Bulge in barrel: looking down a very clean bore, you might see a slightly dark ring at the bulge. On the outside, you may be able to see it when sighting down an octagon or round barrel, tapered barrel is another issue.
A tight fitting cleaning patch will slip easily throught that area, then continue with whatever pressure you previously applied.
Safe: if it looks like the python that swallowed the pig, I'd say no. A bulge of a few thousands likely is OK, but I'd hate explaining how it got there to others, especially if it was your fault.
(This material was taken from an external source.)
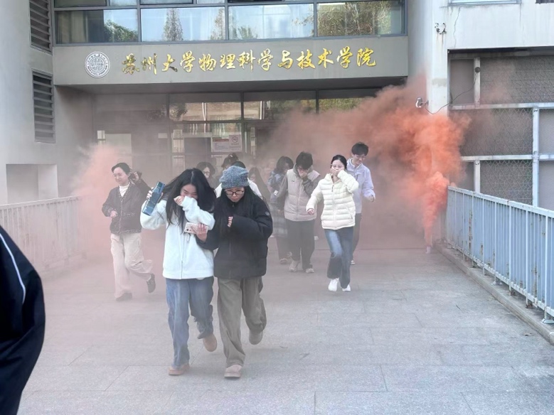在理论学习的基础上,学院联合光电科学与工程学院、能源学院,于11月26日在物理科技楼组织开展了2025下半年度消防应急疏散演练。演练模拟大楼内突发火灾并产生浓烟的场景,警报响起后,楼内师生在校保卫处消防科老师的现场指挥下,迅速采取湿毛巾捂口鼻,弯腰低姿等防护措施,沿指定疏散路线快速、有序撤离至安全集结区域。疏散完成后,师生在消防科老师的专业指导下,认真参加了灭火器实操灭火训练,切实掌握初起火灾扑救技能,应对紧急情况的实战处置能力得到有效提升。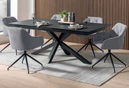 Stuhl, Stoff, grau, Metallgestell: schwarz matt, mit Armlehnen, um 360° drehbar, in verschiedenen Farben erhältlich, 201449/0-3. Tisch, Glas/Keramik, schwarz, Metallgestell: schwarz matt, Maße: 160x90 cm, 195084

Accuracy: some have said a small bulge (whatever "small" is) did not degrade accuracy, others disagree. I bulged a 1858 Rem barrel, my own fault, shot it about 20 times more and didn't seem to affect accuracy.
Couldn't stand to look at it so replaced, and BTW, not an impossible task, even with a few simple tools like a vise, a very big crescent wrench, and leather vise jaw faces, a file, and feeler gauge for cylinder/barrel clearance, as a factory replacement barrel may already have the front sight installed, so you need to screw the barrel tight into the frame with the front sight "up."
The beauty of ML shooting is that, unless you are a world-class champion shooter, many ML firearms are forgiving and many are not dramatically affected by reasonable loading variables.